Infermiera rapita in Siria potrebbe essere viva

    infermiera rapita in Nuova Zelanda potrebbe essere ancora viva. A confermarlo è il ministro degli Esteri, che ha dichiarato che la donna rapita in Siria nel 2013, prigioniera ormai da sei anni del sedicente Stato islamico, sarebbe ancora in vita. Louisa Akavi, così si chiama la 62enne infermiera per la Croce Rossa per cui lavorava, la quale avrebbe raccolto testimonianze da parte di soggetti che affermano di averla vista, ancora viva.

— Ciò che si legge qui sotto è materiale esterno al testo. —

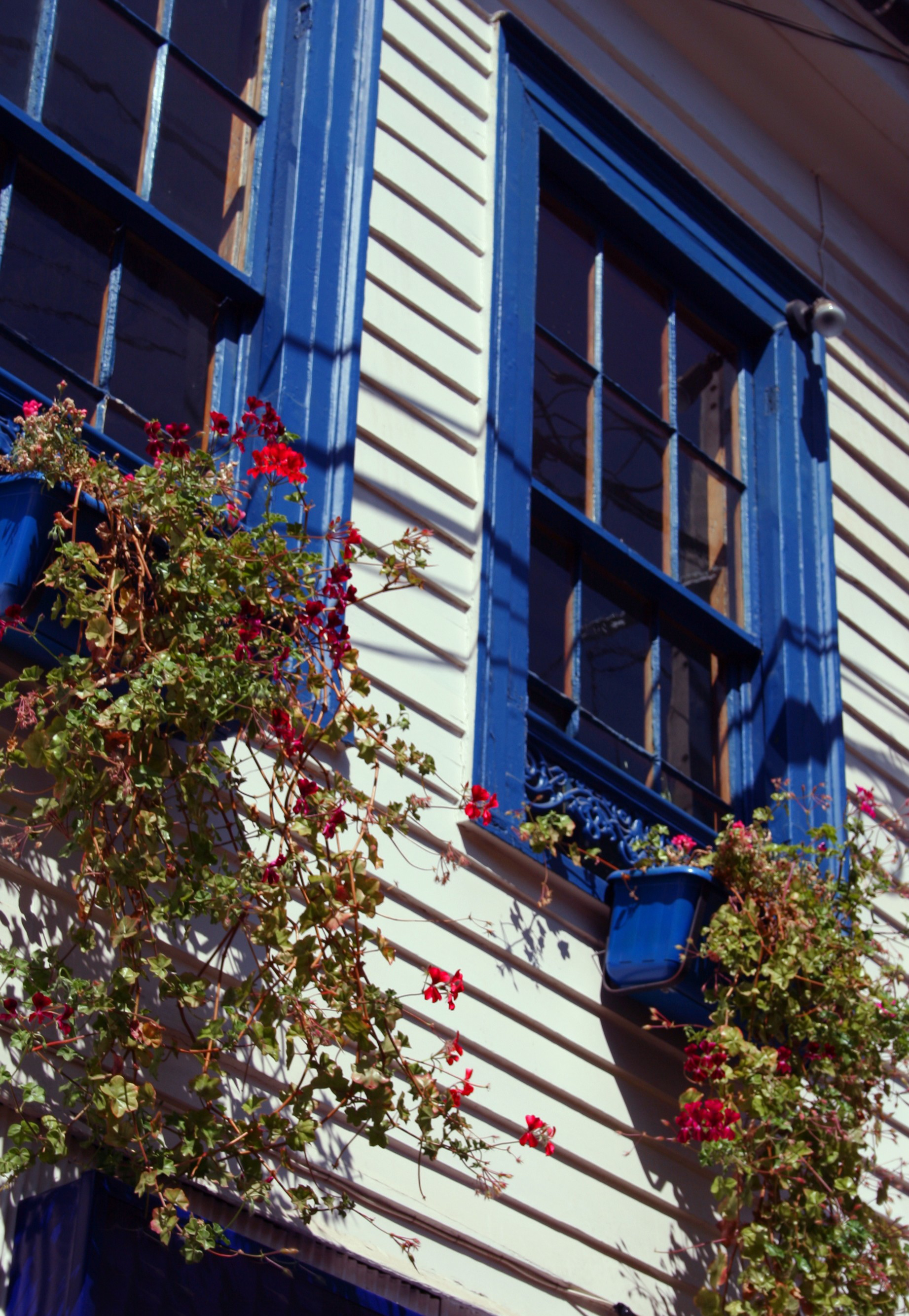 Chile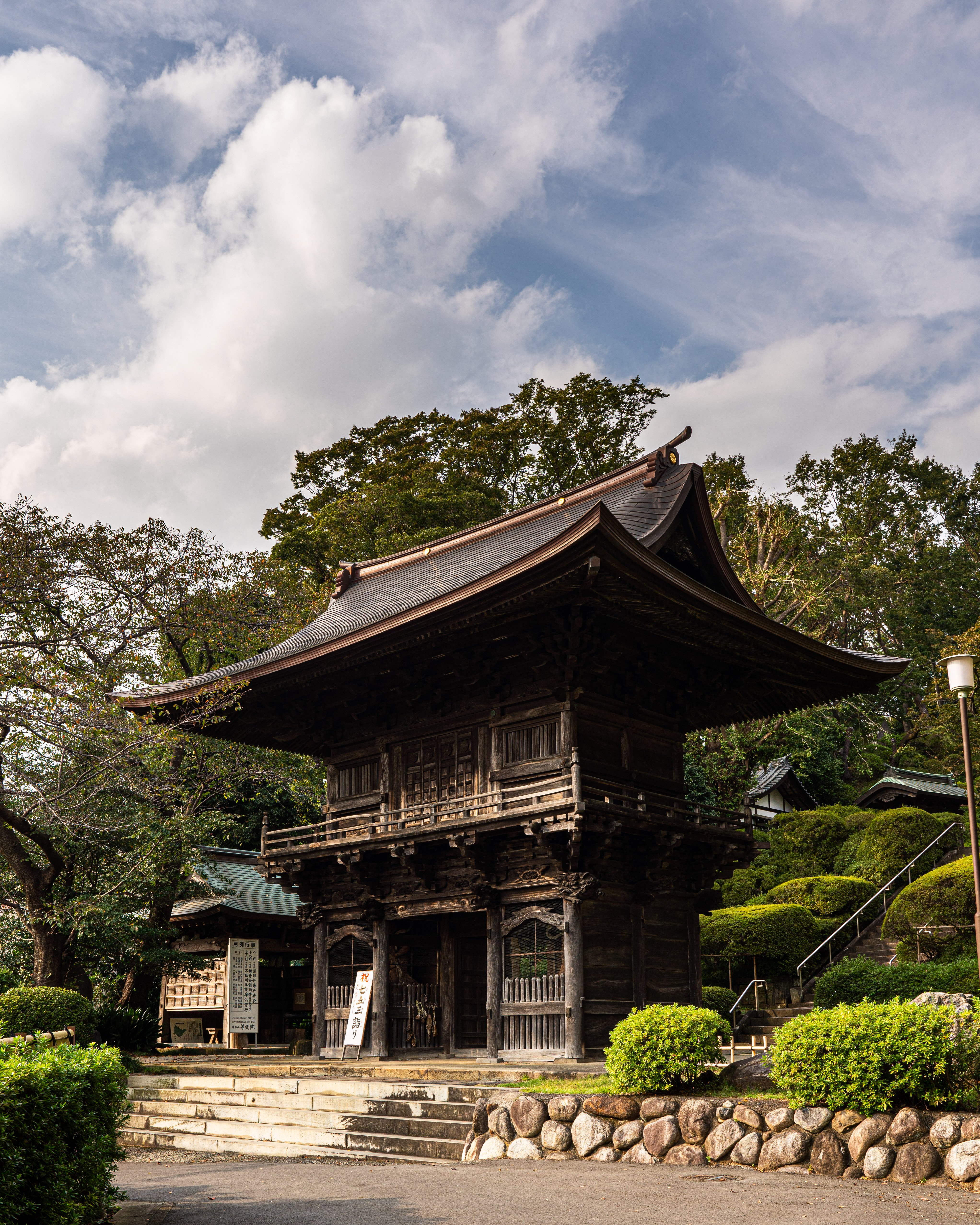 (The Azalea Temple when it's not azalea season)

    Infermiera rapita in Siria: ecco perché si spera

    Come ha riportato il New York Times, ci sarebbero due persone che a dicembre avrebbero avvistato Akavi in una clinica di Sousa, un avamposto rimasto in piedi dello Stato Islamico. Anche nel 2016 e nel 2017, dicono i funzionari della Croce Rossa, c’erano state segnalazioni simili. “Continuiamo a lavorare insieme per localizzarla e recuperarla”, ha affermato il ministro degli Esteri della Nuova Zelanda, Winston Peters. “Questo è stato un caso singolarmente complesso e difficile”. L’infermiera si era recata in Siria con il Cicr per prestare servizio di aiuto umanitario, ed era stata rapita ad Idlib, nel 2013, quindi nel nord ovest del Paese. Il governo della Nuova Zelanda ne ha ipotizzato la morte, ad un certo punto, ma è lecito pensare che i suoi rapitori possano aver deciso di avvalersi delle sue competenze mediche, al punto da risparmiarla. Una vicenda sulla quale era stato tenuto, fino ad ora, il massimo riserbo. Dominio Stillhart, direttore delle operazioni per il Cicr , ha  affermato che l’organizzazione ha scelto di dare il via libera all’esplicitazione del nome delle donna sperando che la cosa potesse esortare qualcuno a fornire informazioni su di lei o sulla sua posizione. “Non abbiamo parlato pubblicamente prima di oggi perché dal momento in cui Louisa e gli altri sono stati rapiti, ogni decisione che abbiamo preso è stata quella di massimizzare le possibilità di ritrovarli”, spiega Stillhart in una nota.” Con la caduta dell’ultimo pezzo di territorio nelle mani dello Stato Islamico abbiamo sentito che era giunto il momento di parlare”.